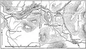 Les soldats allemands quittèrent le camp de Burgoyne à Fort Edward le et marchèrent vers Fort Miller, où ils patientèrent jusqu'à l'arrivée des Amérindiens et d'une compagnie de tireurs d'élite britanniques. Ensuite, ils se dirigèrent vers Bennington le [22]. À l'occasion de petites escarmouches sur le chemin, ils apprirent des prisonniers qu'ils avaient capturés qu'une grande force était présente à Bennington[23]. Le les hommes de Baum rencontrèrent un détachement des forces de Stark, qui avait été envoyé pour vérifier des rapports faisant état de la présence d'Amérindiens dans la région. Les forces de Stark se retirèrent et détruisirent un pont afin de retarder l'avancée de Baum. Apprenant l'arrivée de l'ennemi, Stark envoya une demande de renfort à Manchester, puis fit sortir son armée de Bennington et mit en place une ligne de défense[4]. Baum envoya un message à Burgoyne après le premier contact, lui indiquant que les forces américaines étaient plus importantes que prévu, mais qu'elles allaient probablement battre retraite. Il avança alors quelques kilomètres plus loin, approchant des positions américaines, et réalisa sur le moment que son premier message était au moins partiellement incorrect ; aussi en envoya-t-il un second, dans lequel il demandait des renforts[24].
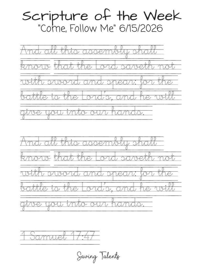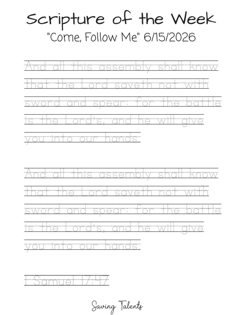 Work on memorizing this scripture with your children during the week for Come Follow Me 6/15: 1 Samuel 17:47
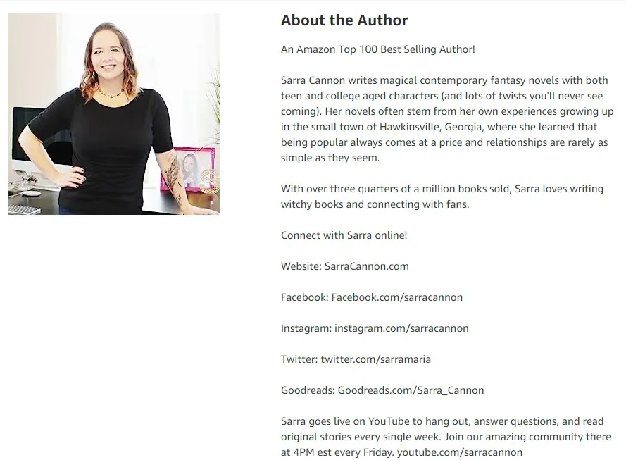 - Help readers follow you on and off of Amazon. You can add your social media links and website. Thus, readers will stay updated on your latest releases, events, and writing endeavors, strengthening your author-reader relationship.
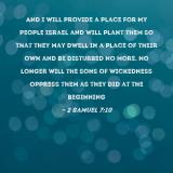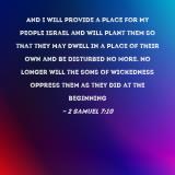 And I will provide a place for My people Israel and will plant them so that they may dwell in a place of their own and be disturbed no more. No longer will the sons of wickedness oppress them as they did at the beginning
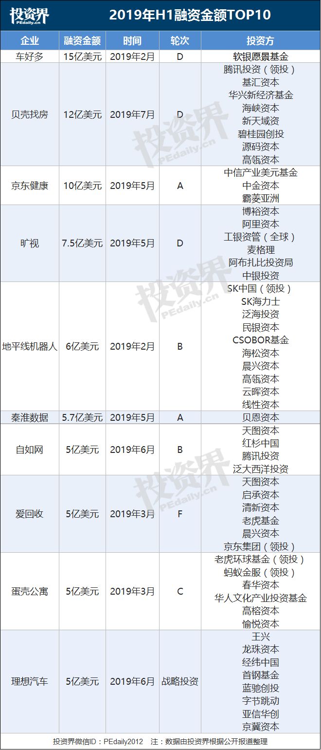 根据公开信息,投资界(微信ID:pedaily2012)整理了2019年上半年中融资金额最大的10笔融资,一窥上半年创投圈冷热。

▶ [Instructions for the task]: Hand back exactly the lines from the one with "And I will provide" through the last line of the data above, both ends included, with every picture left out.

▶ [Solution to the problem]:
 And I will provide a place for My people Israel and will plant them so that they may dwell in a place of their own and be disturbed no more. No longer will the sons of wickedness oppress them as they did at the beginning
 根据公开信息,投资界(微信ID:pedaily2012)整理了2019年上半年中融资金额最大的10笔融资,一窥上半年创投圈冷热。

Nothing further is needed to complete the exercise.